4. Summary and Outlook: Be cautiously optimistic and seize opportunities in decline
Gold is expected to usher in a strong bull market in 2026 and continue its upward trend in the medium to long term. Technically calculated upside targets determine future trends. However, the monthly relative strength index has reached its highest level in decades, indicating overbought conditions and a clear warning of the risk of higher prices in the near term.

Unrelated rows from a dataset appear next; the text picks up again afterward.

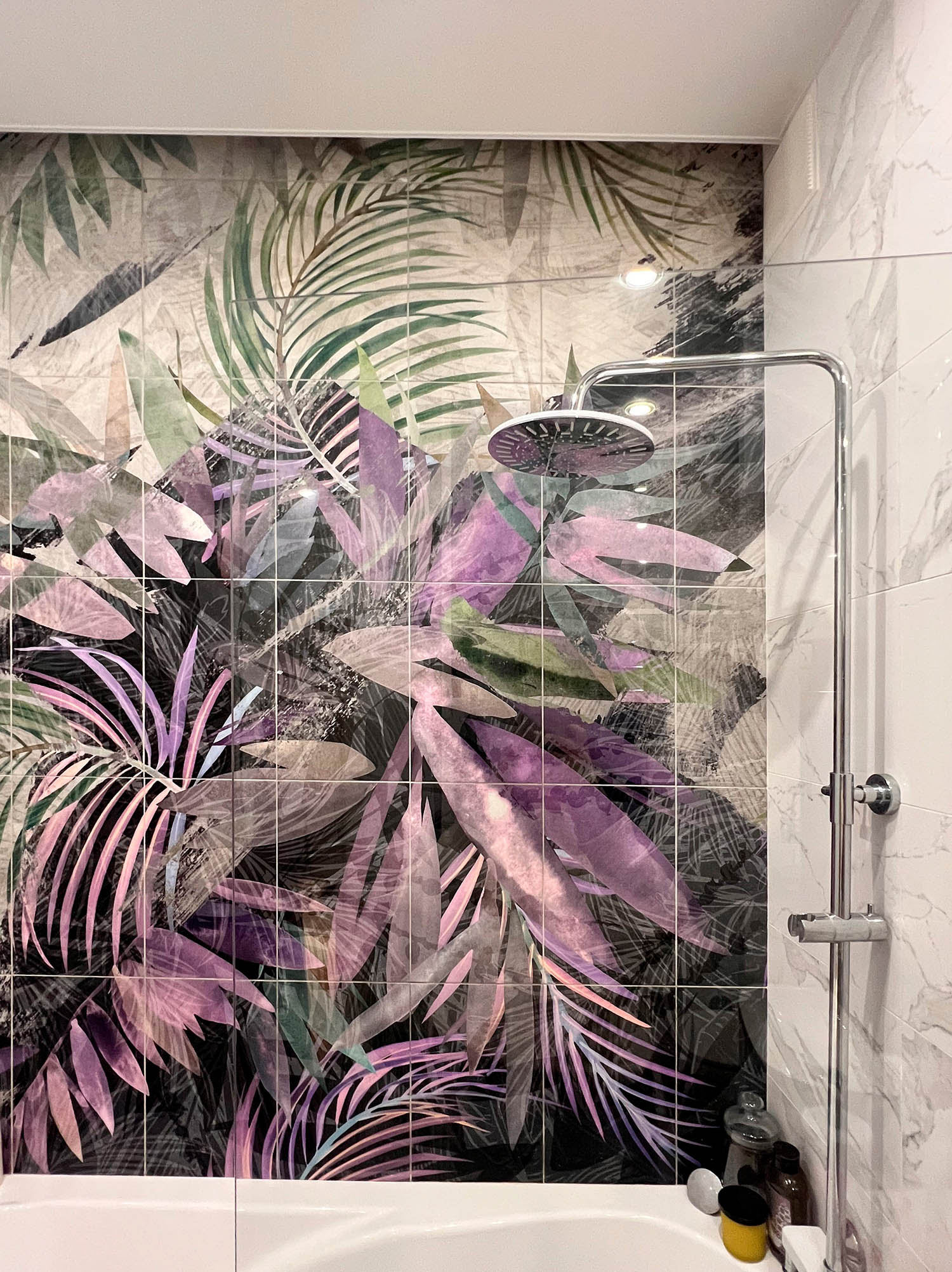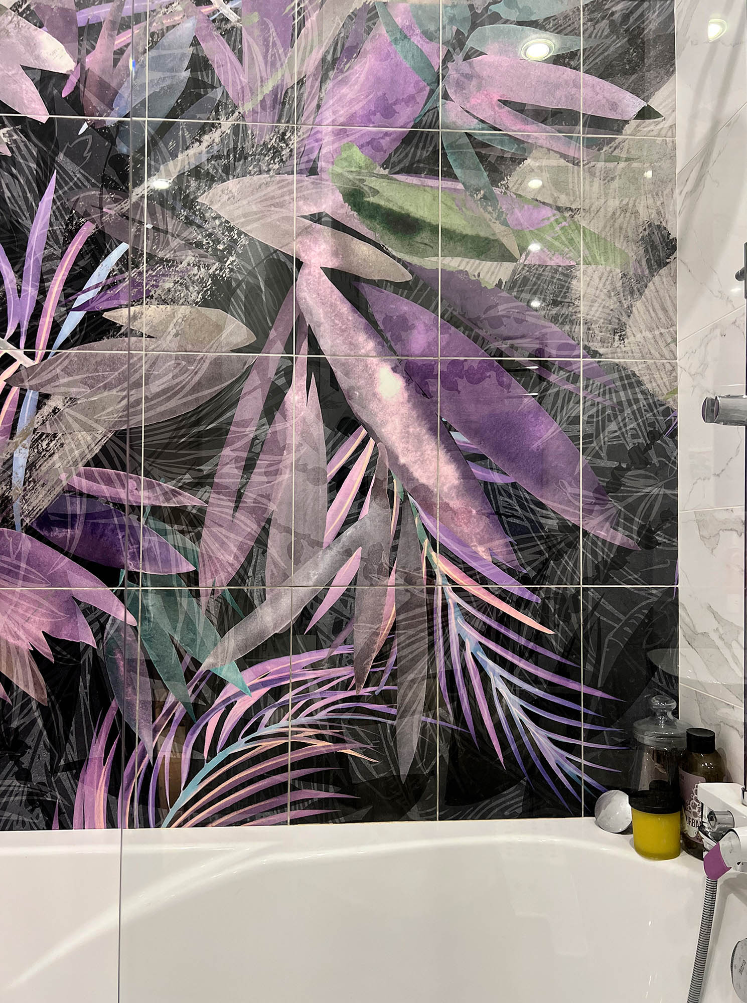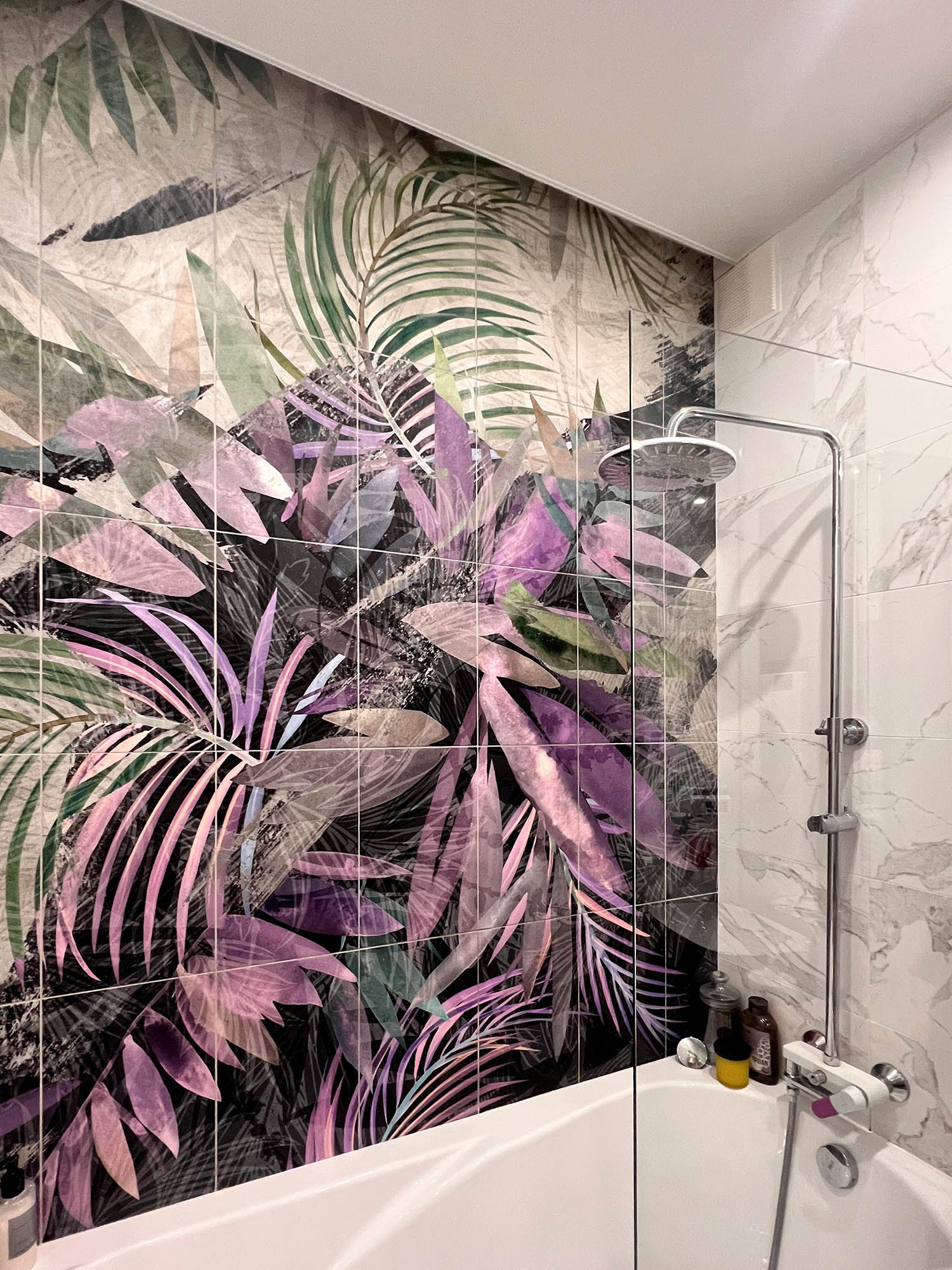 Плитка с тропическими растениями в дизайне ванной комнаты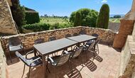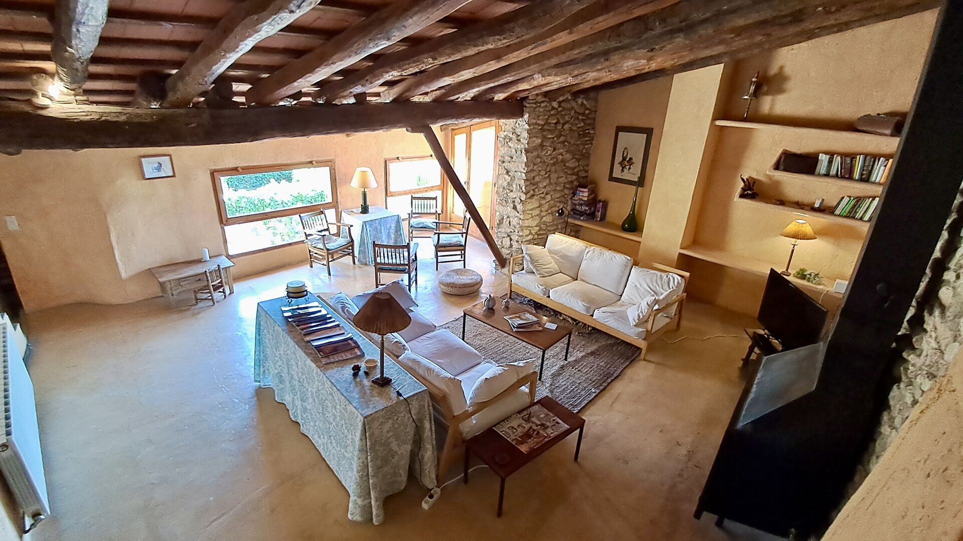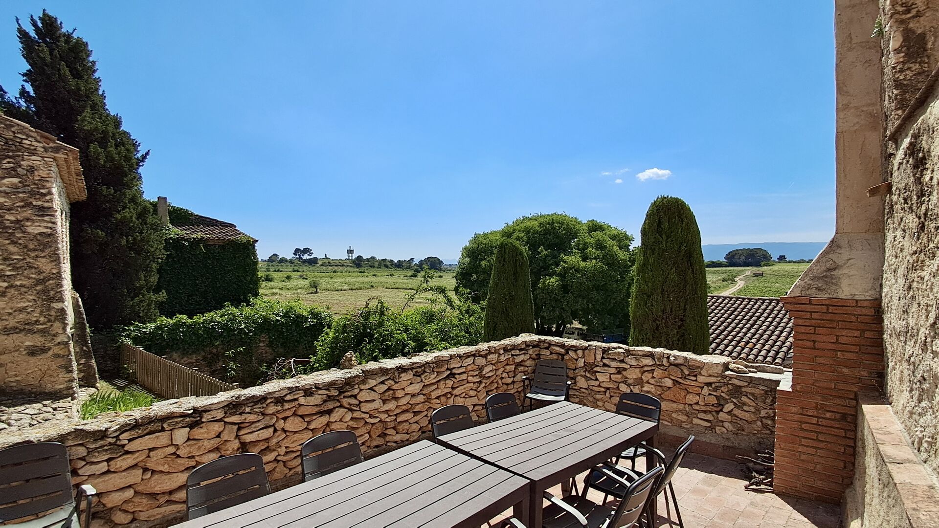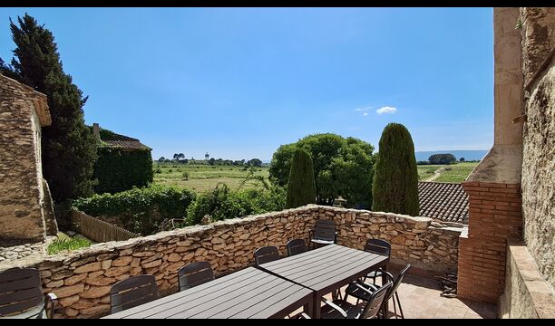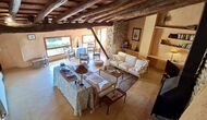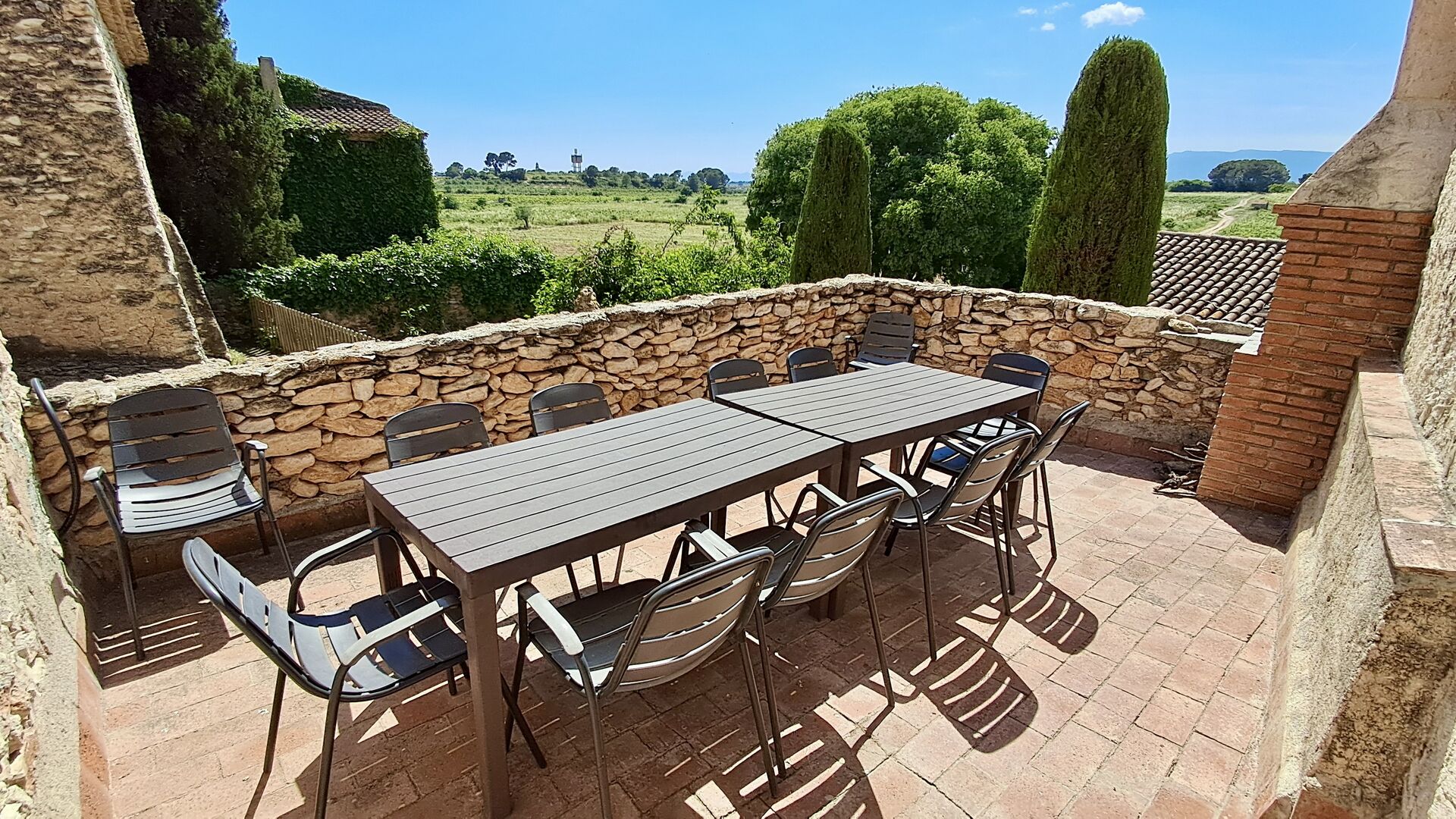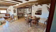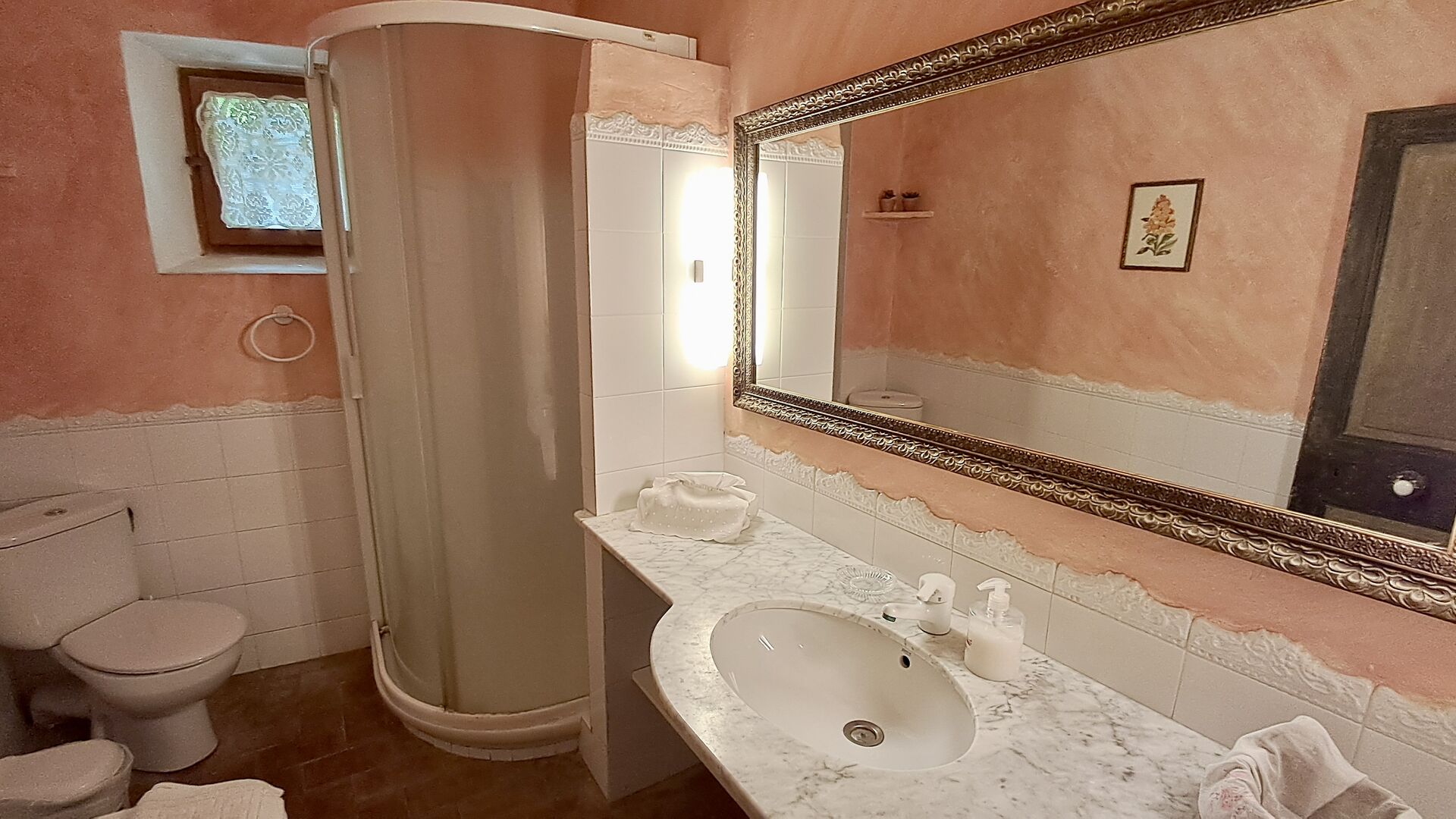 En el primer piso, se encuentra la cocina y el comedor abierto con acceso a una espaciosa terraza en el primer piso con excelente vista y una barbacoa. Aquí, todos pueden comer afuera, disfrutando de las cálidas noches catalanas. Además, hay 3 habitaciones grandes y muy espaciosas. Todos tienen un diseño diferente, pero todos tienen un alto nivel y un aspecto auténtico. Uno tiene una cama doble, uno tiene dos camas individuales y el tercero tiene dos camas dobles, por lo que es posible dormir 4 personas si es necesario. También en esta planta, hay un baño totalmente equipado. La cocina es como el resto de la casa de alta calidad, y tiene al mismo tiempo muebles rústicos y auténticos.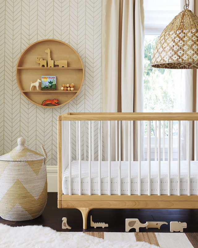 Бежевый шерстяной коврик придаст детской комнате тепла и уюта
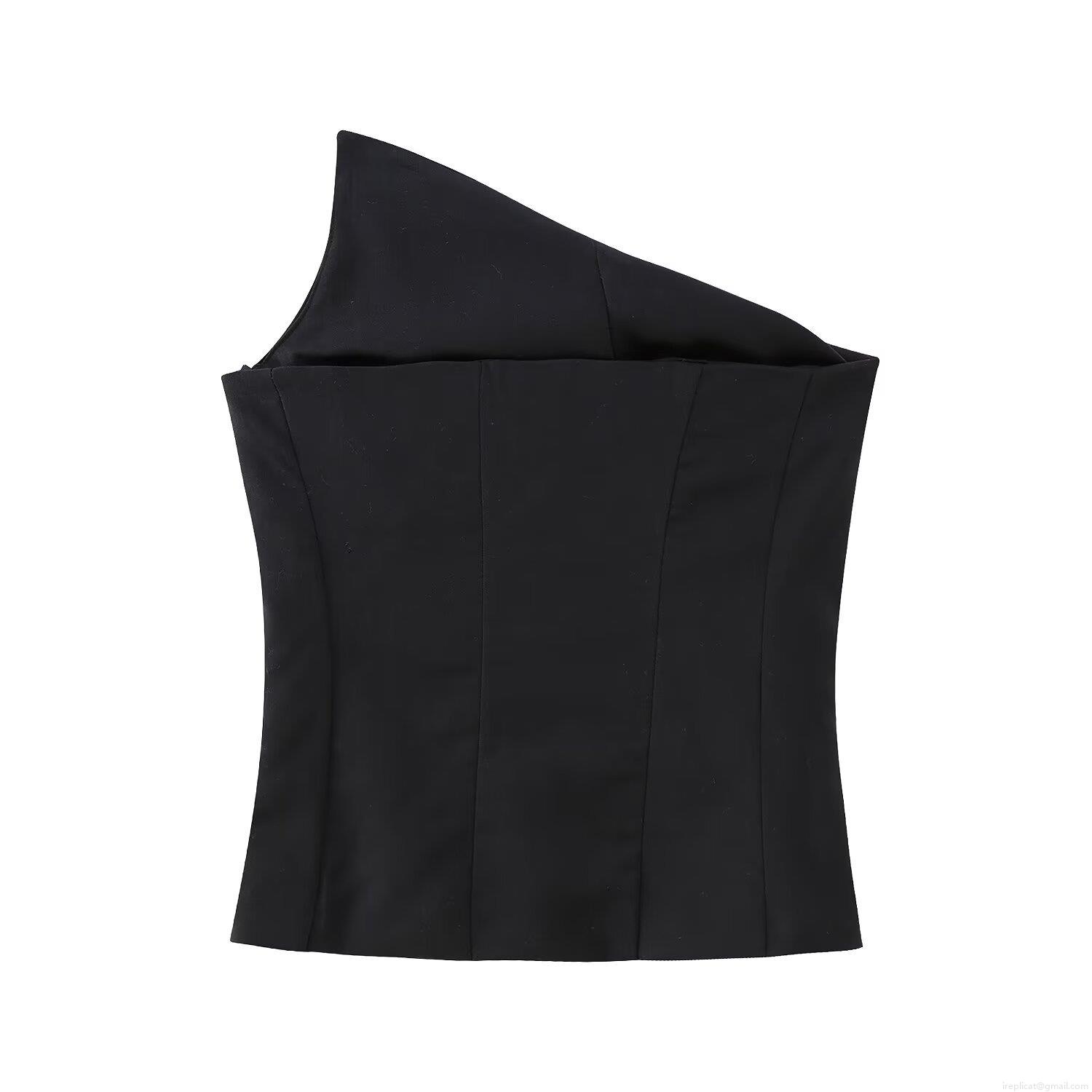 • Women's Sexy Asymmetric One Shoulder Corset Top Slim Fit Polyester Solid Black Crop Top For Party Club Night Out Elegant Bodycon Sleeveless Tank Top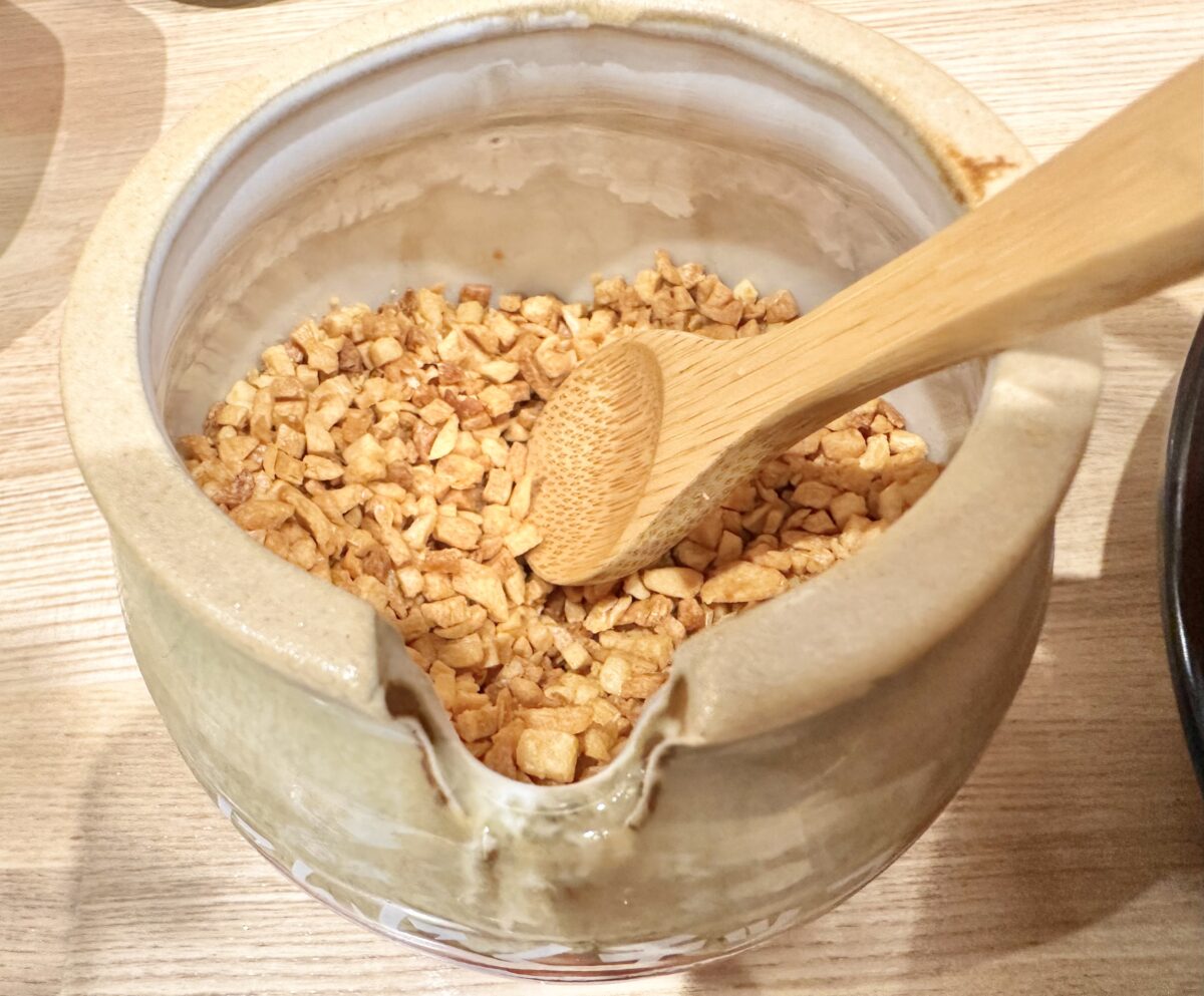 今回はニンニクチップをちょっとだけ入れてみるだけで、おにさんぽ中の人好みのハーモニーを形成することができました。

In short, the possibility of a technical correction or stabilization of gold prices in early 2026 is increasing. This could be a correction in overbought indicators, or it could be the result of profit-taking in the market. For investors, a drop in gold prices to the key support range between $4,125 and $4,164, or even lower healthy correction levels, may represent a better entry opportunity with a medium to long-term investment risk-reward ratio.

Trading advice: In the short term, pay close attention to the support level between $4,500 and $4,495. This support level represents the upper limit of the last price platform, where technical buying is concentrated. On the upside, focus on the key resistance level of $4,550; a decisive break above this level will open up new horizons for the upside. Assuming that the upward trend continues, the strategy should be based on “buying on dips” and pay close attention to the defense of key support levels and the correction process of overbought indicators.